Friday, October 07, 2005

"Howl" at 50

HOWL turns 50 today. "When Allen Ginsberg hurled his shattering poem at a San Francisco audience in 1955," writes Heidi Benson for the San Francisco Chronicle. "[I]t proved to be the depth charge that started the Beat movement."
"Oct. 7, 1955 -- at the Six Gallery on Fillmore Street ... the moment of conception of the Beat movement.

No photographs of the evening have turned up, but by all accounts, when 150 to 200 people showed up at this low-ceilinged former auto-body shop in response to hastily printed postcards, the size of the crowd astonished everybody."

I've written about this event recently regarding the fact that it was a rarity. Maybe that is as it should be. Maybe that's where poetic movements should be born--away from cameras and microphones.
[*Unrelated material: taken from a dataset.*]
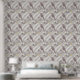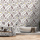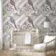Dit behang heeft een patroon met diagonale lijnen, vogeltjes en gele naturen voor liefhebbers.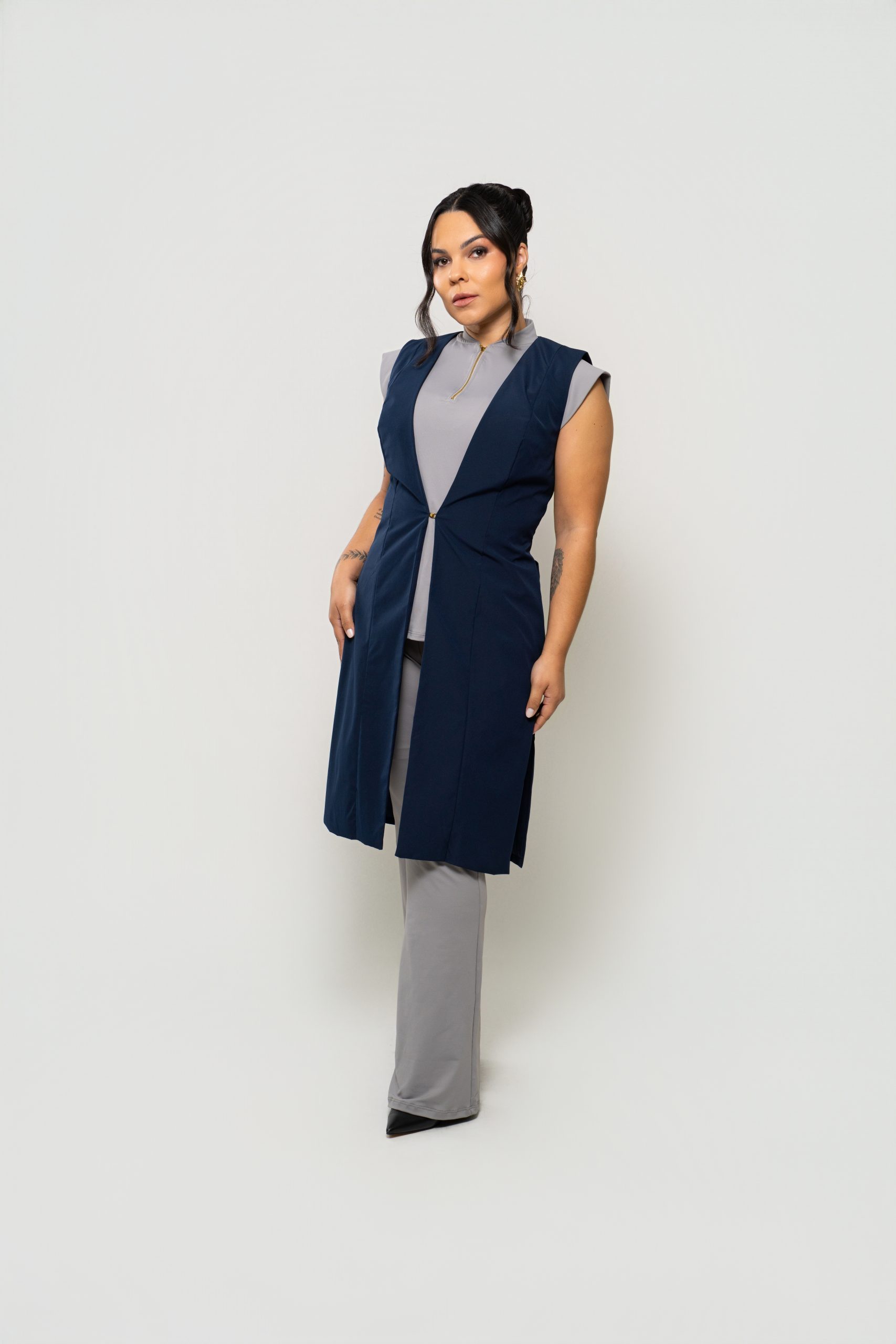 - Mangas: Sem mangas, ideal para sobreposição e liberdade de movimentos.

The first time I read HOWL I thought: "What absolute madness." Yet, it compelled me as:
"I saw the best minds of my generation destroyed by madness, starving hysterical naked,..."
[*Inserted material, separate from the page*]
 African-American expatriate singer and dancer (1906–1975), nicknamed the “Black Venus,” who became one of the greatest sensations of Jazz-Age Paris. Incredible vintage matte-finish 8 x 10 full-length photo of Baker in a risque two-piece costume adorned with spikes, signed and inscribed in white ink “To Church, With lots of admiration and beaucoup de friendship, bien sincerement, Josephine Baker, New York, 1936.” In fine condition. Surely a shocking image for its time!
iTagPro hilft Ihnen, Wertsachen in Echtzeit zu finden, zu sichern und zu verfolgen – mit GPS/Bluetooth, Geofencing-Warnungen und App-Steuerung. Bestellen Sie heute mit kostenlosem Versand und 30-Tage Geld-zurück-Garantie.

Allen Ginsberg took the coals of poetry from the halls of academia, brought it to the streets, fanned it into a flame and scorched the ears of any one willing to listen. Most Americans avoid the dark corners of our nation like dead rodents on the highway. Not Ginsberg. Most people try to steer out of the way, and hope someone else will confront that horid thing. Ginsberg runs to the scene of the roadkill and howls...
"What sphinx of cement and aluminum bashed open their skulls and ate up their brains and imagination?
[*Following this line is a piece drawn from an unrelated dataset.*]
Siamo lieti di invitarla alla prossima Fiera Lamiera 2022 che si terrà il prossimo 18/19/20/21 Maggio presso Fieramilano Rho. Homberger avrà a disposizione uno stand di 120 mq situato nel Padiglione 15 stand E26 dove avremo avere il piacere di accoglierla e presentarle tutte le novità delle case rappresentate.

Moloch! Solitude! Filth! Ugliness! Ashcans and unobtainable dollars! Children screaming under the stairways! Boys sobbing in armies! Old men weeping in the parks!

Moloch! Moloch! Nightmare of Moloch! Moloch the loveless! Mental Moloch! Moloch the heavy judger of men!"

It was the dawn of the Cold War. The Korean War had recently ended. Albert Einstein, who encouraged American intellectuals to sacrifice their comfort to protect freedom, died that year. Americans left rural communities to become city dwellers. Allen Ginsberg observed all this and howled and howled and 50 years later his voice can still be heard.